Exercise objective: Retype exactly what appears below from the line containing "Temperature distribution on" down to the line containing "Dos figuras de", keeping both end lines. Do not include pictures.

Source data:
-------------------------

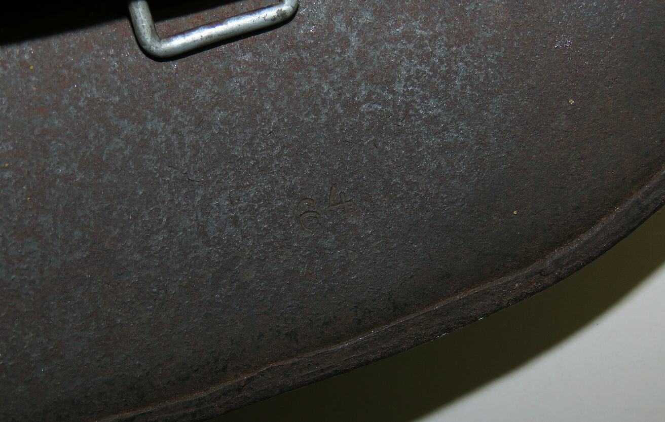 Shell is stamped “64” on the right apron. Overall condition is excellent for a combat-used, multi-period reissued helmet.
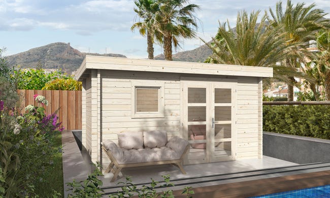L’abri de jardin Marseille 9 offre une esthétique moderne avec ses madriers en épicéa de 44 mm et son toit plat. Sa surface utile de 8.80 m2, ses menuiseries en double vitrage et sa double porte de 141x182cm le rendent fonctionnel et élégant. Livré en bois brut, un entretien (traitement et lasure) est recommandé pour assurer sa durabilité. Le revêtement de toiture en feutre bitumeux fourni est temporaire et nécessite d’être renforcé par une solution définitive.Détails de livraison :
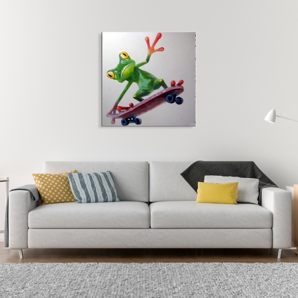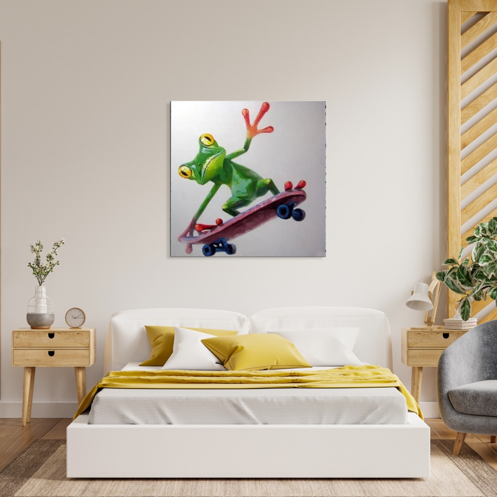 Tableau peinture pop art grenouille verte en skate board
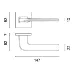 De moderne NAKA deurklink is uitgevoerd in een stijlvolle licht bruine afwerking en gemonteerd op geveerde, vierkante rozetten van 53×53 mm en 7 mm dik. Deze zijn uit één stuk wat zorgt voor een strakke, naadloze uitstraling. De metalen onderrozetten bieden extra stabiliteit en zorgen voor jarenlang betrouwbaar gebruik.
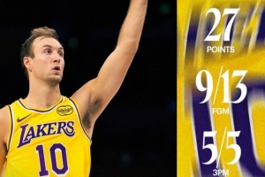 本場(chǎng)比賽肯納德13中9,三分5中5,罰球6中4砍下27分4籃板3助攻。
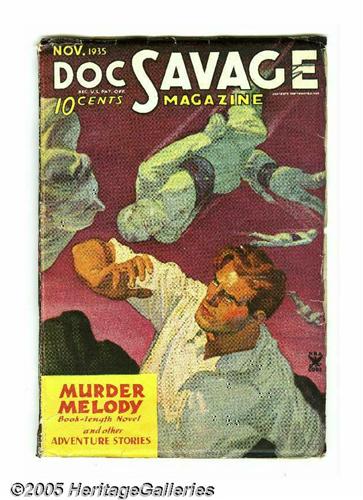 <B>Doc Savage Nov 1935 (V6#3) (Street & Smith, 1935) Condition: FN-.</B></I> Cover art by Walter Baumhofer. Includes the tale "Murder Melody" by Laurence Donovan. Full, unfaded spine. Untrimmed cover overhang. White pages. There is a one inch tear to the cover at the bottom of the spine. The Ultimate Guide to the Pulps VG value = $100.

-------------------------

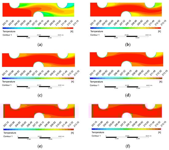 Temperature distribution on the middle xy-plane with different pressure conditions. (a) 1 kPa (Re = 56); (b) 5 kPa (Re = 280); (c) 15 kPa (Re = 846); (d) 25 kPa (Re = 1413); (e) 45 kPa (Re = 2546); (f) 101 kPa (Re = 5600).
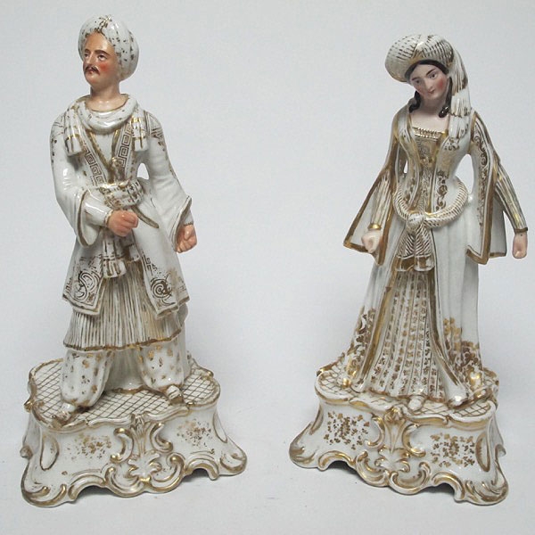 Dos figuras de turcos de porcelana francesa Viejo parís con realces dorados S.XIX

-------------------------

Worked solution:
 Temperature distribution on the middle xy-plane with different pressure conditions. (a) 1 kPa (Re = 56); (b) 5 kPa (Re = 280); (c) 15 kPa (Re = 846); (d) 25 kPa (Re = 1413); (e) 45 kPa (Re = 2546); (f) 101 kPa (Re = 5600).
 Dos figuras de turcos de porcelana francesa Viejo parís con realces dorados S.XIX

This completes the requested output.